Arthur Finds a Clippie Thing
One day Arthur found a clippie thing.
"I just found a clippie thing," said Arthur.
"Arthur just found a clippie thing," said Ford.
"Could one of you expla…" began Zaphod.
"It's no use!" yelled Trillian.
"Oh, okay," said Zaphod, "If you say so, I guess. But I thought…"
"Someone's taken my lipstick!" screeched Trillian, which was what she had been talking about in the first place.
"'It's no use' what?" said Arthur.
"It's perfectly obvious," said Trillian, glaring at Arthur. Arthur whimpered.
"Yeah monkey-boy," said Zaphod, hoping to win points with Trillian.
"I ate your lipstick," said Ford suddenly, "Well, first I used it, then I ate it."

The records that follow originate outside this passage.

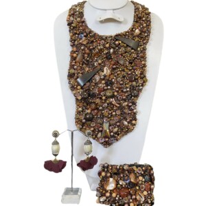 Detalles : Materiales: chaquirón, cristal, perlas sintéticas, motas de hilo, metal, piedra de natural, piedra acrílico. Incluye collar y aretes.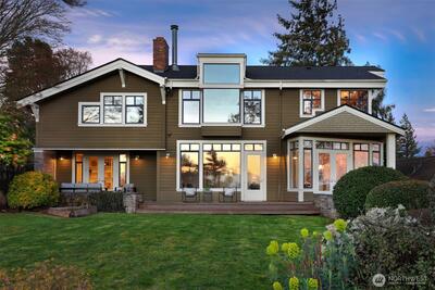 A welcoming approach through lush, mature gardens and meandering paths sets the tone for this exceptional property, offering a sense of privacy and calm from the moment you arrive. Set on an expansive 20,800 sq ft lot, the grounds live like a private retreat, with spaces to wander, gather, and take in sweeping views of the Olympic Mountains and Puget Sound. An oversized two-car garage adds everyday ease. Inside, the 4,860 sq ft home unfolds with warmth and architectural character. Rich maple cabinetry, distressed concrete and mahogany floors, and thoughtfully designed lines create depth, texture, and a grounded, inviting aesthetic. With five bedrooms which includes a spacious primary suite, four baths, and multiple bonus and media spaces, the layout offers flexibility for living, working, and entertaining. Throughout, intentional details like window seats, lofted spaces, and tucked away nooks create moments of discovery and connection, echoing the home’s unique design. At the heart o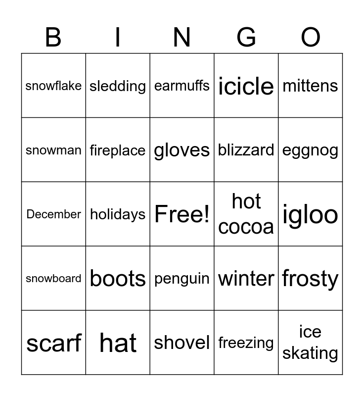 This bingo card has a free space and 24 words: boots, hat, gloves, scarf, mittens, snowflake, snowman, sledding, hot cocoa, penguin, blizzard, December, winter, frosty, fireplace, freezing, igloo, earmuffs, eggnog, holidays, ice skating, snowboard, icicle and shovel.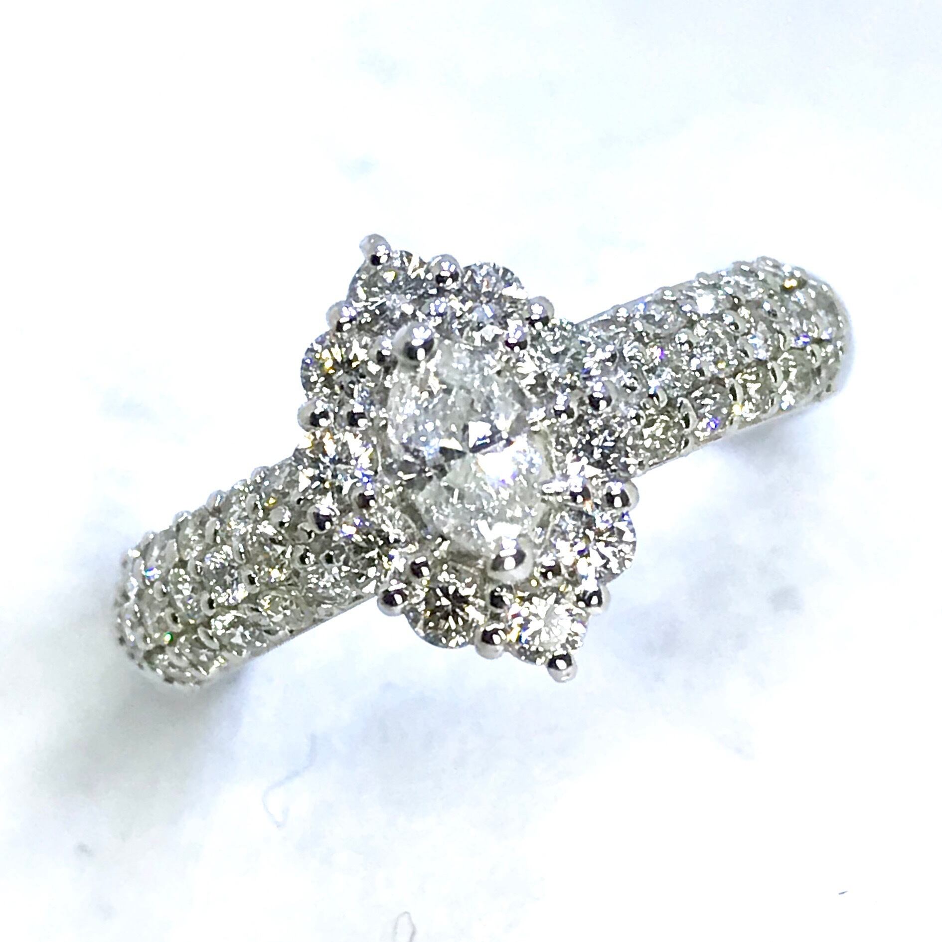 人気のパヴェセッティング、そして取り巻きデザインのプラチナリングです。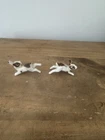 This product is a pair of vintage miniature figurines made of bone china. The rabbits are brown and white in color and were made in Taiwan. They are not handmade and are not associated with any specific brand. The figurines are small in size and would make a great addition to any collection of animal figurines. No chips or cracks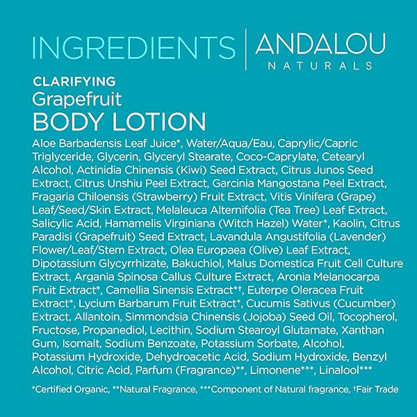 * Andalou Naturals Body Lotion, Clarifying Grapefruit Skin Care, Lightweight, Gentle Exfoliating & Moisturizing Lotion with Salicylic Acid & Tea Tree for Skin Prone to Back Acne & Blemishes, 8 fl oz: andalou naturals clarifying grapefruit body lotion elevate your skincare routine and reveal your skin's true radiance with our clarifying body lotion * Enriched with the invigorating essence of Grapefruit * Your skin is treated to a burst of refreshing vitality * This innovative salicylic acid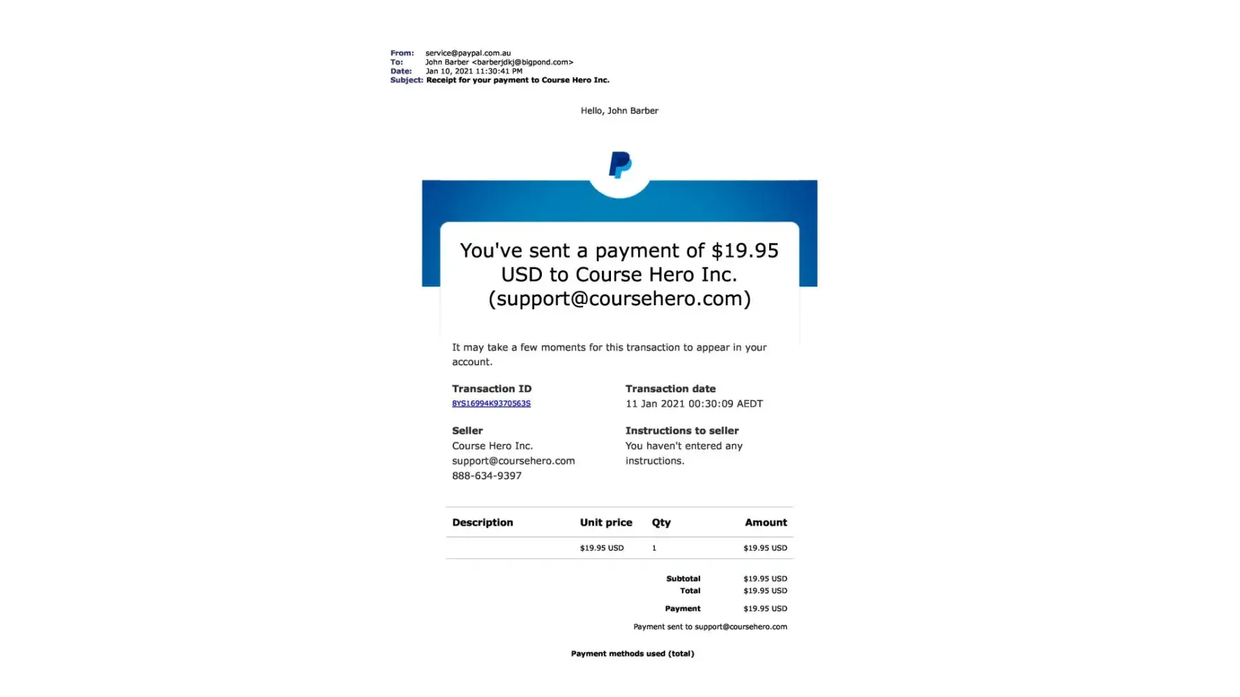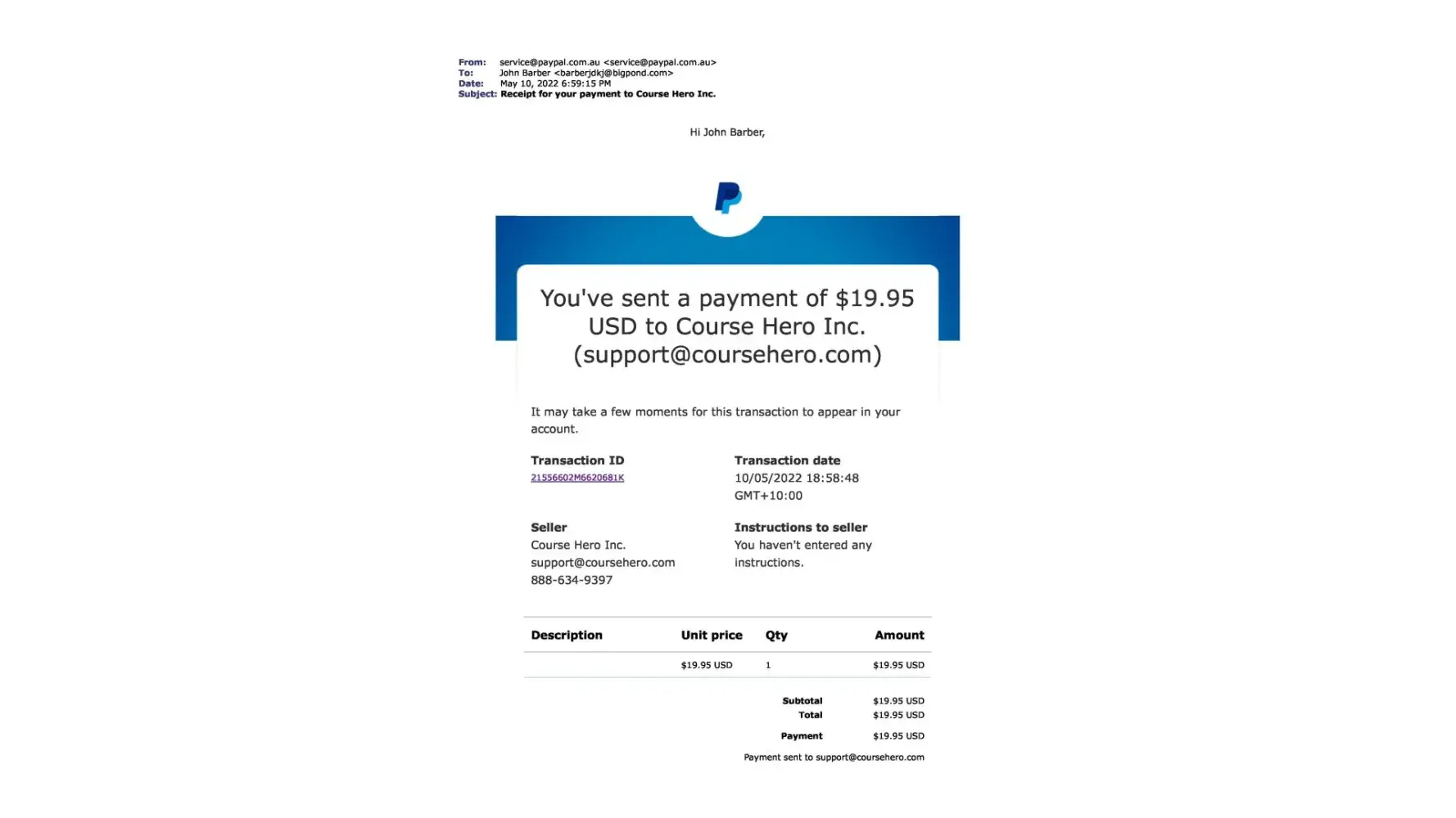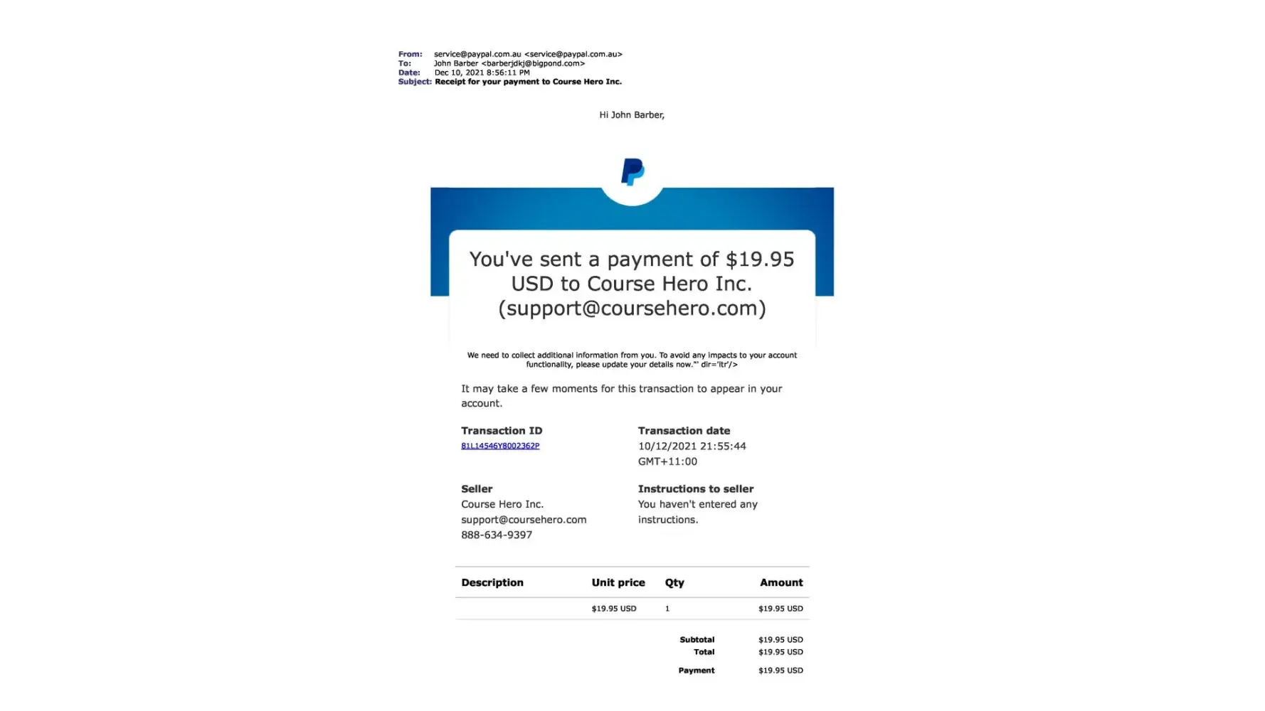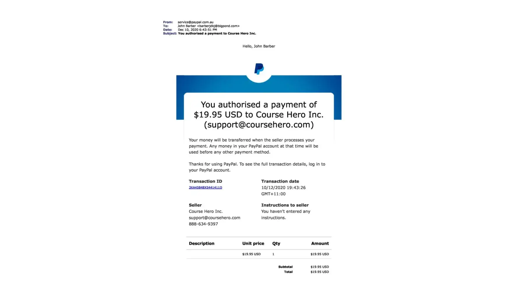 Upon canceling this paypal payment and contacting Course Hero by their own admission they state "Moreover, we are unable to locate an account under [protected]@bigpond.com. "

"You're wearing lipstick?" asked Arthur.
"Well, itis purple," Ford pointed out.
"'It's no use' what?" said Zaphod.
"I already asked that and you told me I was stupid," said Arthur.
"You'rereally annoying me," said Zaphod. Arthur shrugged.
"So, what do you think this clippie thing is for?" said Arthur.
"Everyone forgot about thatminutes ago," said Zaphod dramatically.
"You ate my lipstick?" asked Trillian.
"More importantly, why is he wearing it?" said Arthur, but no one listened to him.
"I thought it would taste like grapes. But it didn't."
"Grapes?" said Zaphod, "I've got some grape juice right here." He took a flask out of his Snazzy™ jacket.
"Why do you have a sudden obsession with juice?" said Trillian.
"It's very healthy," Zaphod said defensively. Trillian gave him a look.
"Alright, I put some Bibley's Death Drink in it," said Zaphod, "And some Ole Janx Spirit." He sipped at his flask.
"Oh. Never mind. This is rasp-carrot juice."
"That's my favourite!" said Ford excitedly. He grabbed Zaphod's flask and drained it.
"Hey!" said Zaphod. Then Ford ate the flask.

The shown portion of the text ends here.